Warm greetings from Guatemala,
hard to believe another month has flown by! I really want to thank all of you who responded to my last message with support and encouragement, and, no worries to those who didn´t, it would undoubtedly have clogged up my inbox and kept me trapped in front of the computer for hours upon end ;)
On Wednesday April 16th a verdict was reached in the case I mentioned involving the rape of a Maya K´iche woman by two police officers (while she was in custody for a crime she was later absolved of). One of the accused fled the arrest warrant, but the other officer stood trial, and was sentenced to 20 years in prison!! A huge victory for so many people who worked so hard to push the case forward.
A recent study by the Instituto de Estudios Comparados en Ciencias Penales de Guatemala found that 75% of women suffer some form of sexual abuse while in custody. Clearly not an isolated incident, what is exceptional is Doña Juana´s resolve to keep struggling and the large number of people who supported the case. She left her family, including children as young as five years old and spent months on end in the capital jumping through unnecessary legal hoops which delayed the process at every step. We had the privilege of travelling to the hearings with a range of women´s groups from the capital and other communities. Women who gave their time and energy to come out and support: to make noise and to make sure that Juana did not feel alone. What follows are some of my thoughts after a candlelight vigil held the night before the sentencing.

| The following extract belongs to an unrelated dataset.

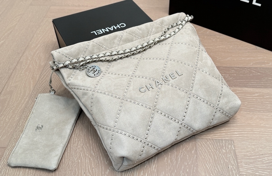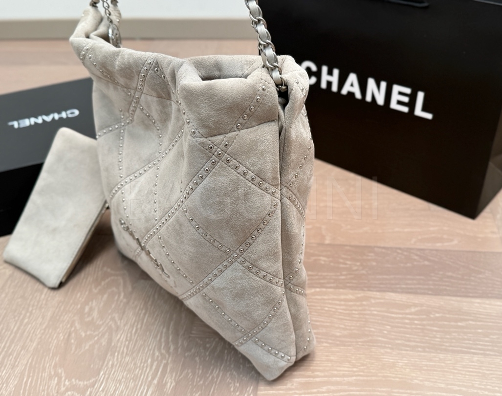 스웨이드 특유의 매력이 돋보이는 샤넬 22B 22 백입니다.

¨It´s hard to find words to describe standing in a circle of women....indigenous, ladina, tall, short, gorda, colocha, flaka, Canadiense....the crisp night air drawing us closer to one another. I have the sense of standing back, holding my candle, part of the moment, yet as an observer, not an actor. Worrying over the police and other random men observing us, perhaps intending to intimidate, but not succeeding this night.

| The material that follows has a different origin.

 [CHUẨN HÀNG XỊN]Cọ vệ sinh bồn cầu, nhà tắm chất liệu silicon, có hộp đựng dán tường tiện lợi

The struggle of one woman, and the struggle of all women.
One by one they come forward...the well spoken, the timid, the wet-eyed, the angry. They all speak from the heart. They all thank Doña Juana and the Instituto for bringing the case forward. For speaking what so many, so many women face, but are unable to speak...for following justice and never giving up.
And they all pray, that the next day three judges will speak truth and justice, that they will have ignored the attempts to buy and sway their votes...that they will set a precedent in this country. Many women share their stories - that have gone unpunished - looking for their own justice in the verdict of the following day.¨
In true Guatemalan style the next day was spent reading all of the documents presented in the case, lulling to sleep the most avid of listeners. But one week later, when I was unfortunately in a pick up truck in the highlands accompanying another case, the guilty verdict was read. I am told that in the ensuing celebration in the parque central there was marimba, dancing, laughter and tears.

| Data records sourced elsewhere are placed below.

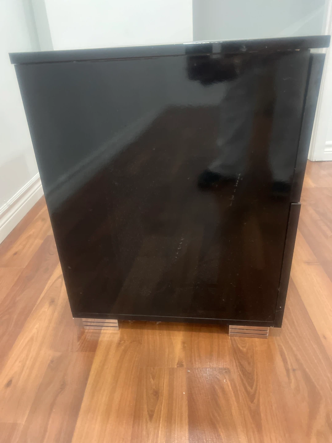 Selling a black nightstand with two drawers. It has a sleek, modern look with silver drawer pulls. Perfect for adding some storage and style to your bedroom!
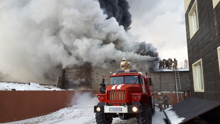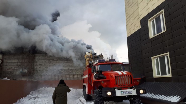 "Первые пожарные расчеты прибыли к месту вызова через 7 минут, в 12:43 часов. Силы и средства наращивались по повышенному номеру вызова. Пожарные производят тушение пожара с применением пенообразователя. Высокая температура и задымление обусловлено горением моторных масел непосредственно в очаге. Применяются меры по предотвращению распространение огня по всей площади склада. Не допущено горение в отдельных складских помещениях, где хранились большое количество горючих веществ и материалов", - сообщила Баймухамбетова.
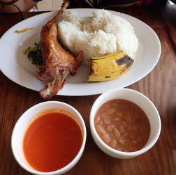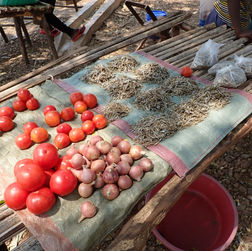 A l’heure des repas, nous ciblons avec préférence les petits commerces de rue proposant une table, et parfois quelques chaises (ou pas), recouverts de tôle ondulée. Même si la propreté de la table peut être contestable, la nourriture y est fraîche et locale, le lieu est ventilé, la cuisson est faite au sol à l’arrière, sur un foyer de 3 pierres entre lesquels le bois alimente les flammes.
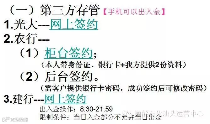 网上客户请参考下图中第二点提供资料给客服噢!其他方式的银行时间请参考后进行银行卡的签约选择!

This is of course a glimpse of just one of the many cases we have been following, but I will save discussion of some of the others for another day, as I feel it is so important to celebrate the victories when they happen!
Despite my appreciation of the experiences I have had so far; my belief in the work; and my desire to stay on, I have decided that June will be my last month with the project. There are other things calling me back to Canada this summer and I feel confident this will not be my last opportunity to spend time in Guatemala.